4. Evaluating Quality: From Esoteric Benchmarks to User-Delighting Experiences
Evaluating the quality of AI output is an ongoing challenge. Your executive stakeholder and sponsor won’t know whether your model’s “95%” factuality” score is a good thing or not. Is this an expected result? Is this the best you can get? Or is your fine-tuned model underperforming against expectations? Research papers can provide valuable insights into the latest evaluation techniques and benchmarks, helping you set realistic goals and track progress. It’s your job as an AI PM to bridge the gap between the esoteric research evaluation benchmarks and how the model is actually impacting the end user experience.
But don't get lost in the world of F1 scores and BLEU scores. Remember, your ultimate goal is to build products that delight users. It's your job to bridge the gap between esoteric research metrics and the user experience, demonstrating the real-world impact of your AI-powered product. At the end of the day, your product is there to serve users and improve their lives, not subject them to testing out a fancy LLM.

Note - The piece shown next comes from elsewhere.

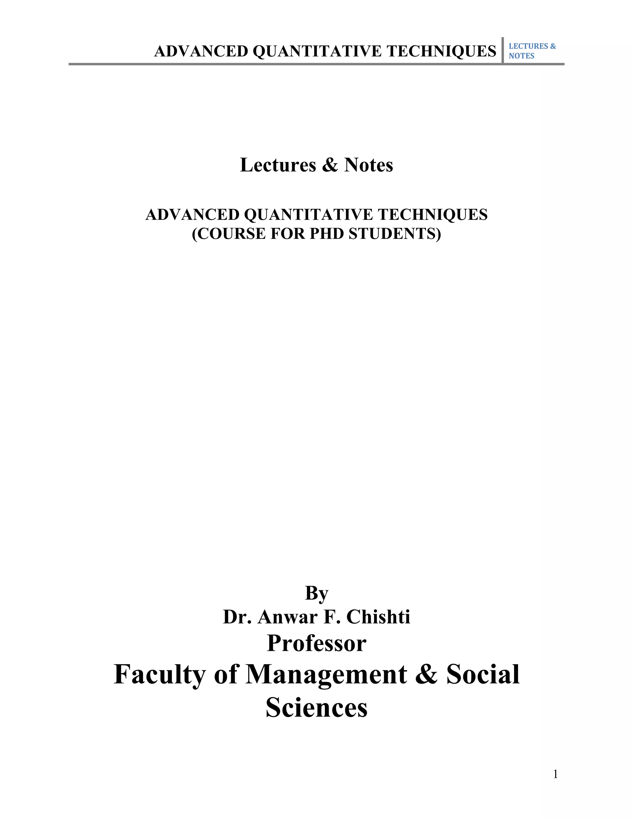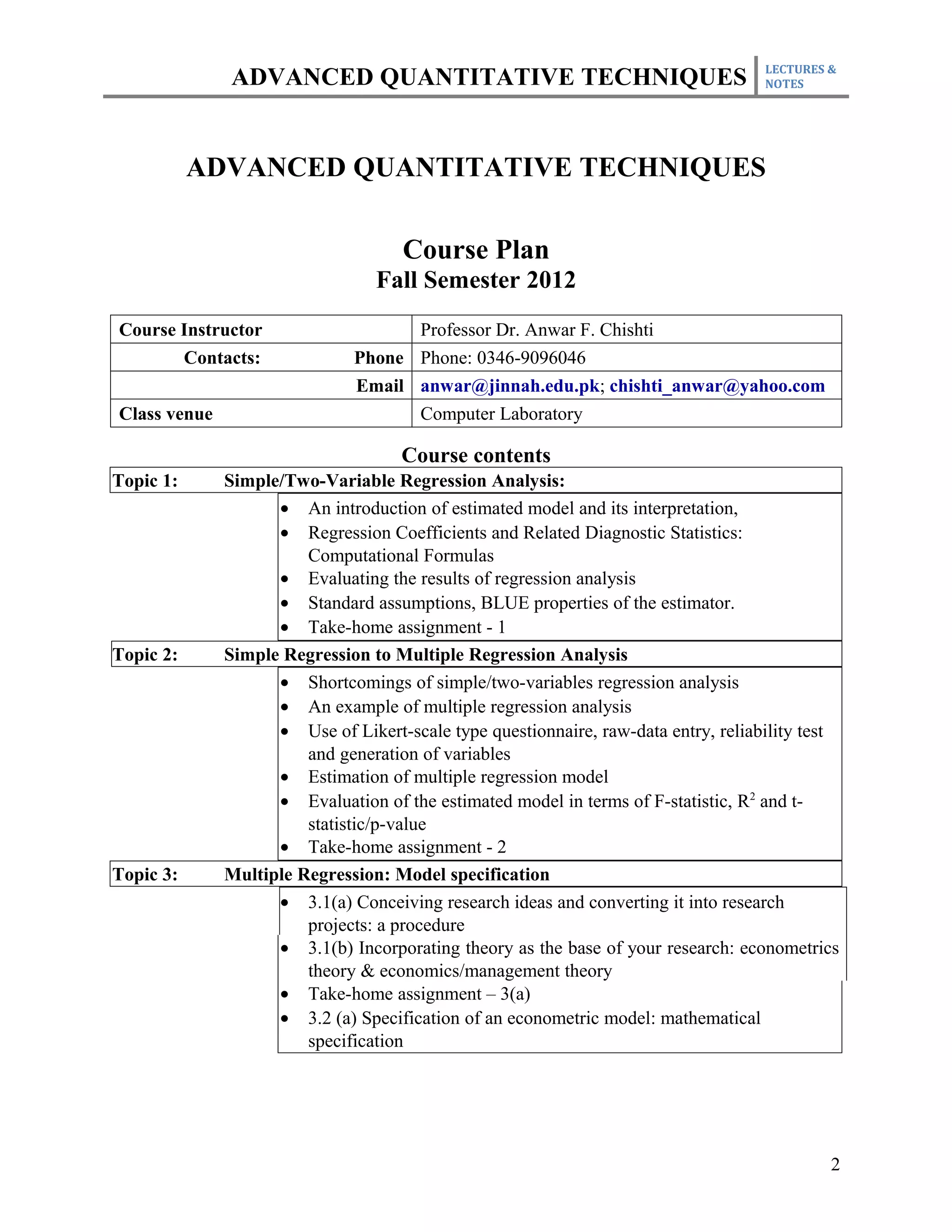 This document outlines the course plan for an advanced quantitative techniques course for PhD students. The course covers topics such as simple and multiple regression analysis, model specification, hypothesis testing of means, dealing with issues like multicollinearity and heteroskedasticity in regression models, and time series and panel data analysis. The course will be taught over one semester with weekly lectures and assignments. Students will be evaluated based on individual assignments, a group research project, midterm and final exams.

That said, you’ll often combine user-centric metrics like CSAT, NPS, average handle time, average resolution time, engagement/session duration, DAU, MAUs, etc with the AI research benchmarks to give a full picture of how your launch is going. It’s best to ground your model-centric metrics in what AI research uses.
In the rapidly evolving world of AI, product management is no longer just about building the right product—it's about understanding the very building blocks of innovation. And that starts with reading the research. So grab a cup of coffee, open up arXiv, and start exploring the fascinating world of AI research. Your users (and your engineering team) will thank you.